Bugün Türkiye’de dini örgütlenmeler, cemaatler ve tarikatlar; eğitimden ekonomiye, siyasetten yargıya kadar geniş bir alanda nüfuz alanı oluşturmuştur.

Devletin kontrol edemediği bu yapılar, siyasal iktidarlar tarafından araçsallaştırıldıkça daha da büyümektedir.

Yeni anayasa:

  • Bu yapıları kayıt altına almalı,

  • Devlet denetimini zorunlu kılmalı,

  • Siyasi nüfuz faaliyetlerini açıkça yasaklamalıdır.

Demokratik devlet, paralel yapılarla yönetilemez.

Ekonominin Anayasası: Kamu Varlıkları Korumaya Alınmalı

Özelleştirme adı altında satılan kamu varlıkları, Türkiye’nin ekonomik egemenliğini zayıflatmıştır.

Stratejik kurumlar yabancı finans çevrelerinin insafına terk edilmiş; üretim kapasitesi ve bilimsel araştırma alanları gerilemiştir.

Yeni anayasa:

  • Stratejik alanlarda özelleştirmeye anayasal sınır getirmeli,

  • Kamu hizmetlerini piyasa mantığından uzaklaştırmalı,

  • Bilimsel araştırma ve Ar-Ge’ye anayasal güvence sağlamalıdır.

Türkiye’nin ekonomik bağımsızlığı, sadece bütçe politikasıyla değil; anayasal güvencelerle korunabilir.

Demokratik Türkiye İçin Yeni Bir Toplumsal Sözleşme Şart

Türkiye’nin bugün ihtiyacı olan, mevcut anayasanın yamalı hâlinin biraz daha düzeltilmesi değildir.

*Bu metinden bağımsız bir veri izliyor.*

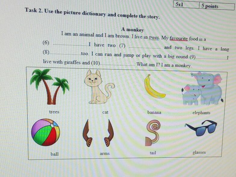 6.Banana 7.Arms.8.Tail.9.Ball.10Elephants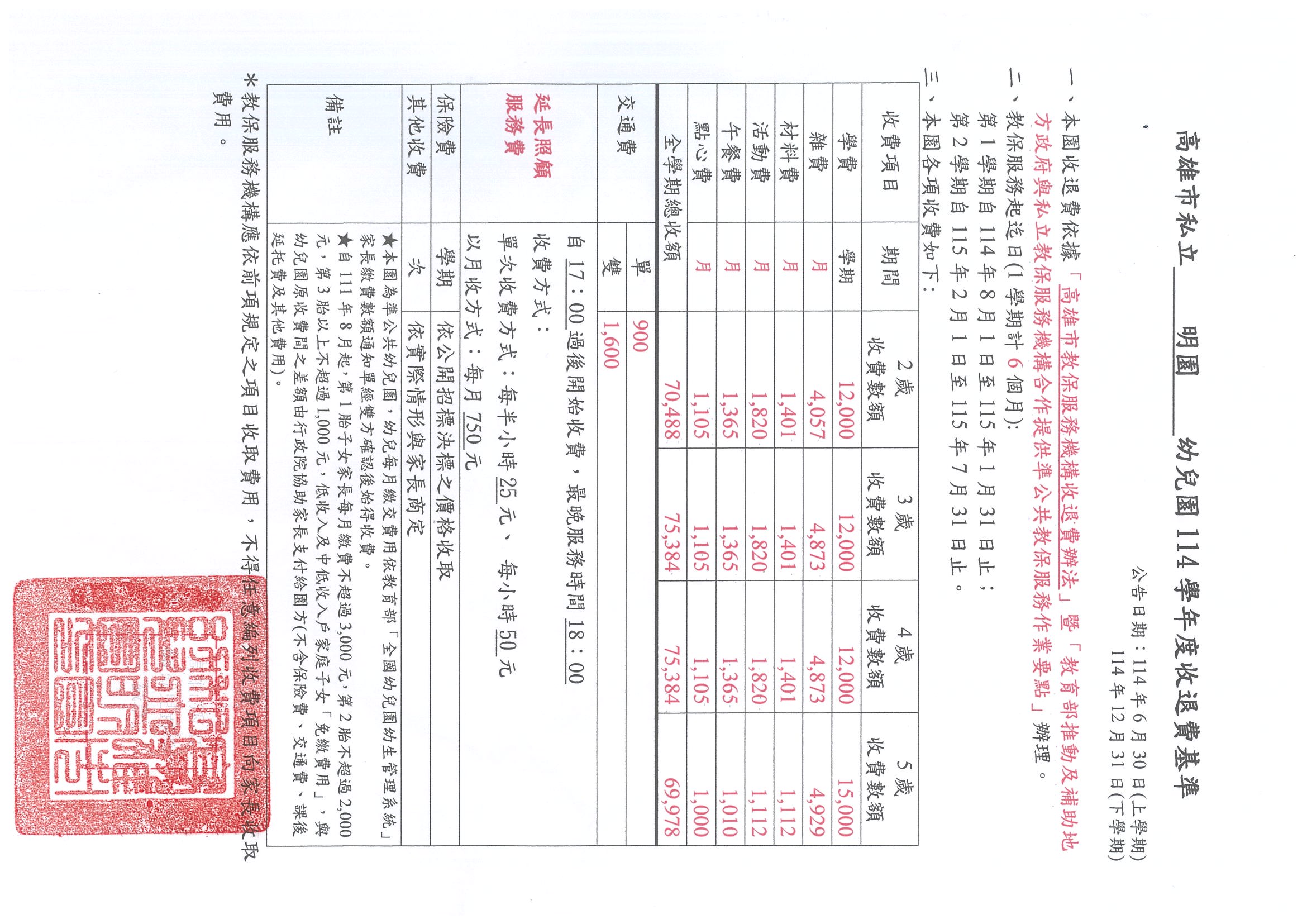 114學年度收退費說明(下學期)

Türkiye’nin ihtiyacı yeni bir başlangıçtır.

Yeni anayasa:

  • Demokratik yönetimi kurumsallaştıran,

  • Güçler ayrılığını kesinleştiren,

  • Yargıyı bağımsızlaştıran,

  • Meclisi güçlendiren,

  • Temel hak ve özgürlükleri güvence altına alan,

  • Devleti keyfilikten kurtaran

bir toplumsal sözleşme olmalıdır.

Aksi hâlde Türkiye, otoriterleşme döngüsünü kıramaz ve toplumsal yaralarını derinleştirmeye devam eder. Yeni yüzyılda demokratik, özgür ve güçlü bir Türkiye istiyorsak; bunu ancak yeni bir anayasa iradesiyle başarabiliriz.